Fig. 24.—Luxation backwards and inwards of the femoro-tibial joint. (From a photograph by Professor Besnoit.)

Symptoms. The most frequent condition is backward luxation of the upper extremity of the tibia. Movement becomes difficult, the limb is held rigidly, and all the lower part of the leg is extended. None of the joints can be flexed. The leg is dragged forward, without the animal being able to place the foot flat on the ground, and the claws are trailed over the litter or the toe grazes the soil.

On local examination the stifle is seen to be deformed. The lower extremity of the femur and the patella appear prominent. The upper part of the tibia is thrust backwards, and seems to have disappeared, leaving a depression below the femoro-patellar region. The muscles forming the back of the thigh at this level are thrust out of position, and appear to project abnormally.

Viewed from behind, the inner line of the thigh appears more or less convex when the upper extremity of the tibia is luxated inwardly. On local examination the displacement of the bones can be readily detected.
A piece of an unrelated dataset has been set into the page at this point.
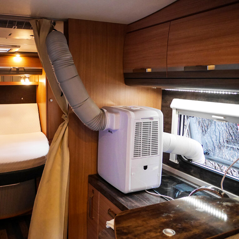 - Chłodzisz – pompuje zimne powietrze do przyczepy rurą – klimatyzator znajduje się na zewnątrz przyczepy
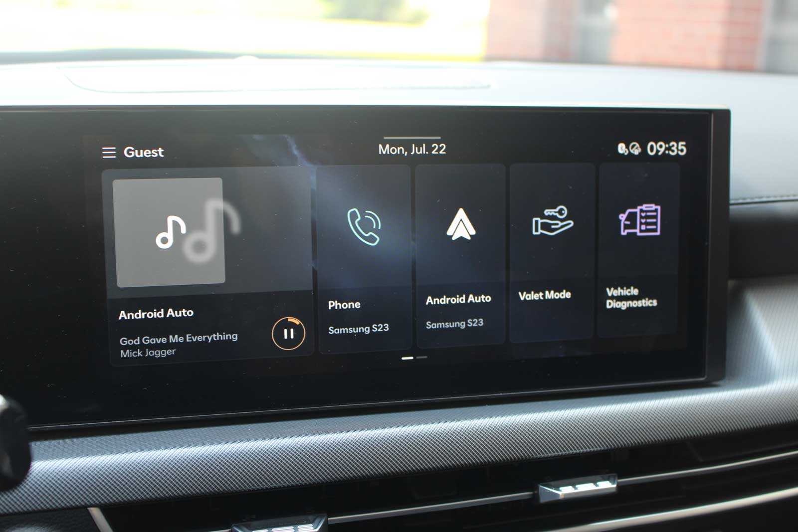 L’habitacle mis à jour profite maintenant d’un panneau courbé abritant l’instrumentation numérique de 12,3 pouces pour le conducteur et l’écran tactile de 12,3 pouces du système multimédia, la tendance du moment, et comme l’on retrouve dans les autres modèles de la marque. On retrouve aussi un affichage tête haute de 12 pouces, une chaîne audio Bose à 12 haut-parleurs, des mises à jour par Internet et, désormais, une intégration Apple CarPlay et Android Auto sans fil.

In luxation forwards the prominence of the stifle is caused by the summit of the tibial crest and by the patella, whilst the lower extremity of the femur cannot be felt. In outward luxation the upper extremity of the tibia forms an abnormal prominence, above which a horizontal digital depression appears.

Diagnosis. Provided that the examination is made soon after the occurrence of the accident, little difficulty will be found in coming to a conclusion, but the diagnosis necessitates more care when examination is deferred for two or three days, because extensive effusion then exists. Luxations or subluxations of tuberculous origin are generally consecutive to old-standing destructive tuberculous arthritis.

The prognosis is grave—firstly, because reduction is difficult; and, secondly, because it is often impossible to maintain the reduction and to preserve complete immobilisation of the injured joint.

Treatment should not be undertaken except in young animals which have not yet attained full development.

In attempting to reduce outward or inward luxation of the tibia the animal should be cast on the side opposite to the lesion. Counterextension is practised by passing a length of webbing around the limb in the region of the groin; extension in the direction of the length of the femur by means of a loop of webbing fixed to the cannon bone: the operator uses both hands in endeavouring to replace the head of the tibia.

In forward luxation of the tibia counter-extension is effected by means of a loop of webbing passed above the hock and drawn forward. Extension is made backwards in an oblique direction, the operator again being left free to effect reduction with both hands.

Reduction of backward luxation of the tibia is still more difficult, in consequence of the contraction of the mass of muscle at the back of the thigh.